→ **Task**
Starting with the line that contains "Vivendi a reçu" and ending with the final line of the data below, print those lines exactly and nothing else.

→ **Data provided**

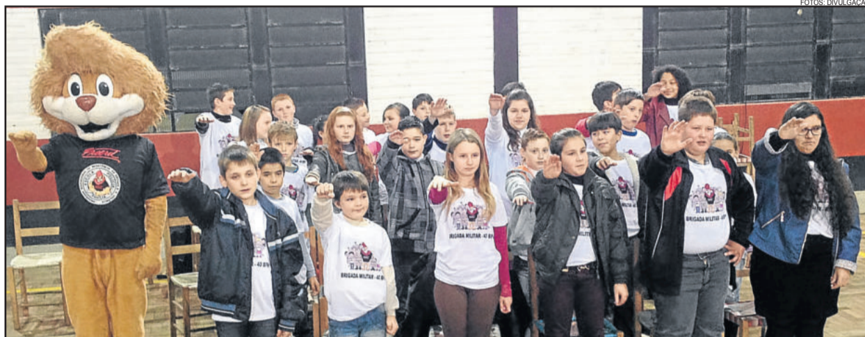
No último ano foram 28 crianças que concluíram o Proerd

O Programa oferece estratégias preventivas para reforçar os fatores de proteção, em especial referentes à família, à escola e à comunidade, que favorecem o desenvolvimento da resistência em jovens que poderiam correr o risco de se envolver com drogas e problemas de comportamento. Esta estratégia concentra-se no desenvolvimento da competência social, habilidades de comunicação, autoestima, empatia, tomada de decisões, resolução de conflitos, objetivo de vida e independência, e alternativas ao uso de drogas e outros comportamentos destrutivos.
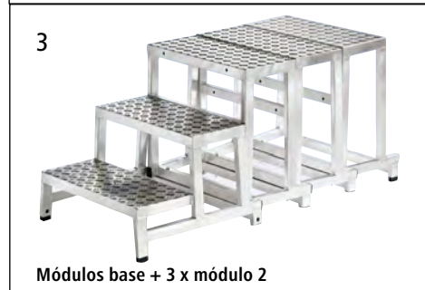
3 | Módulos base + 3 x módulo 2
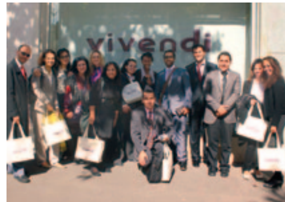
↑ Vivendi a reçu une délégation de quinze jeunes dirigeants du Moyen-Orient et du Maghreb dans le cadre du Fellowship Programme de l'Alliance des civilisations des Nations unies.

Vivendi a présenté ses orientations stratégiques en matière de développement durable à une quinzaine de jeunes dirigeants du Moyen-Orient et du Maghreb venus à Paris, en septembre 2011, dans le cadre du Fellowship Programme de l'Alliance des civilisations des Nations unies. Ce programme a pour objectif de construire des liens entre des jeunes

→ **Answer section**
↑ Vivendi a reçu une délégation de quinze jeunes dirigeants du Moyen-Orient et du Maghreb dans le cadre du Fellowship Programme de l'Alliance des civilisations des Nations unies.

Vivendi a présenté ses orientations stratégiques en matière de développement durable à une quinzaine de jeunes dirigeants du Moyen-Orient et du Maghreb venus à Paris, en septembre 2011, dans le cadre du Fellowship Programme de l'Alliance des civilisations des Nations unies. Ce programme a pour objectif de construire des liens entre des jeunes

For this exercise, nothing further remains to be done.